Halopen is a native macOS dictation app for prompt engineers — hold the function key, speak the system prompt, the eval rubric, or the long-context spec, release; the verbatim text lands in the Anthropic Console, the OpenAI Playground, the ChatGPT and Claude desktop apps, Cursor’s chat panel, or any markdown file where a prompt lives. Cursor-context biasing handles model names like claude-opus-4-7 and snake_case hyperparameters in the right idiom.

Prompt engineering is one of the rare disciplines where the artifact and the process both reward more words. A good system prompt has more rules than a bad one. A good eval rubric names more dimensions and more pass/fail conditions than a bad one. A good long-context prompt names more constraints, more format requirements, and more negative instructions than a bad one. Density is the craft. The prompts that work in production are thousands of words; the rubrics that ship are dozens of paragraphs; the long-context prompts include the document, the task, the format, and the prohibition on every category of error the model has been seen to make.

That density cost something to write. Every additional rule in a system prompt is a sentence the engineer had to type. Every additional eval dimension is a paragraph. Every negative constraint in a long-context prompt is a clause that competes with the next clause for keyboard time. The friction shows up most clearly on the third revision — by the time you’re rewriting the system prompt for the third time, the marginal cost of a typed rule starts to feel like enough to skip the rule entirely. The model then makes the error the skipped rule would have prevented; you add the rule back; the loop is the rule, the typing tax, and the regression.

Voice removes the typing tax. Speaking the third revision of a prompt is no harder than speaking the first; the rules accrete; the rubric gets the dimension that catches the failure mode; the long-context prompt gets the negative constraint the model needed. The artifact gets denser without the writer paying the density tax. That’s the wedge for prompt engineering specifically — Halopen lets the prompts that ship be the prompts the engineer would have written if writing were free, and prompt-engineering rewards exactly that prompt.

SYSTEM PROMPTS

How to dictate a system prompt

System prompts have predictable structure. The role definition opens. The rules follow. The output format gets named. The examples land at the bottom. The negative constraints — the things the model should never do — sit between the rules and the examples or at the very end as a final guardrail.

Spoken, that structure becomes a paragraph rhythm. The role definition is one breath. The rules are a list of breaths, one rule per breath. The output format is one breath. The examples are one breath each. The negatives are one breath each. The whole prompt arrives at the cursor in the same shape the structure already has.

Real Halopen session

Dictating a system prompt for an LLM-backed customer support classifier. Anthropic Console open in Safari, system-prompt input field focused. fn key down, multi-paragraph take with intentional pauses.

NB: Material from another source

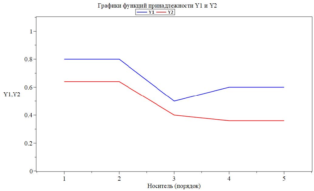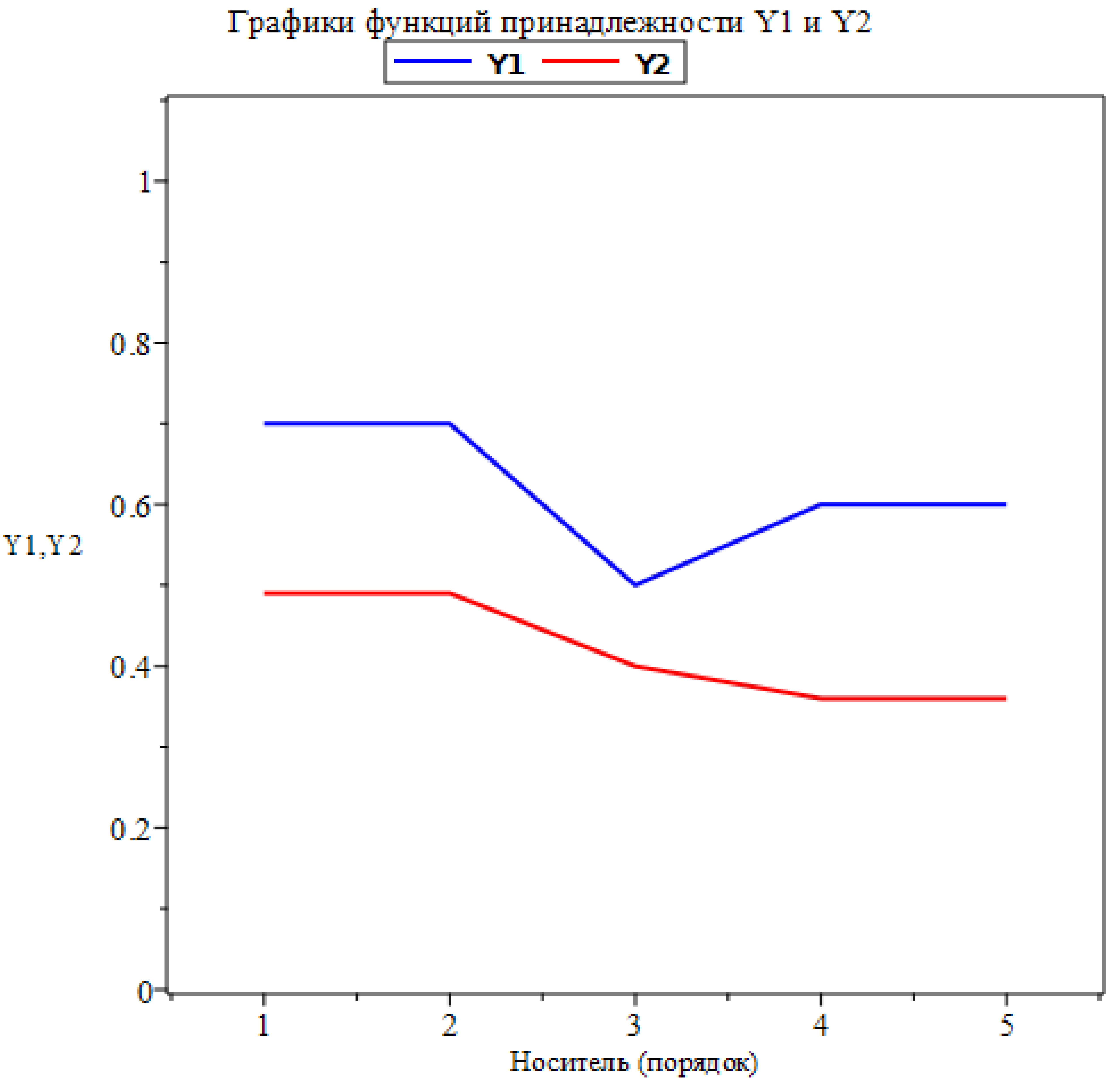 Остальные нечеткие множества возьмем из предыдущего примера. На рис. 2 приведены графики функций принадлежности Y1 и Y2.

"You are a customer support classifier for Halopen — a native Mac dictation app. Each input is one customer email or chat message. Your job is to classify the message into exactly one of these categories: pricing, install, accuracy, privacy, refund, feature_request, bug_report, other.

Rules. Read the entire message before classifying. Prefer the most specific applicable category. If the message names a pricing tier and asks a non-pricing question, classify by the question, not the tier. If the message describes a transcription mistake, classify as accuracy unless the customer is asking for their money back, which is refund. Trial-related questions are pricing. Hotkey conflicts are bug_report.

Output format. Return a single JSON object with two keys: category (one of the eight strings above) and confidence (a float from 0 to 1). No explanation, no markdown, no surrounding text. The output is parsed directly.

Negatives. Do not invent a category not in the list. Do not return multiple categories. Do not return a confidence below 0.2 — if the message is too ambiguous to classify above 0.2, classify as other with the appropriate low confidence."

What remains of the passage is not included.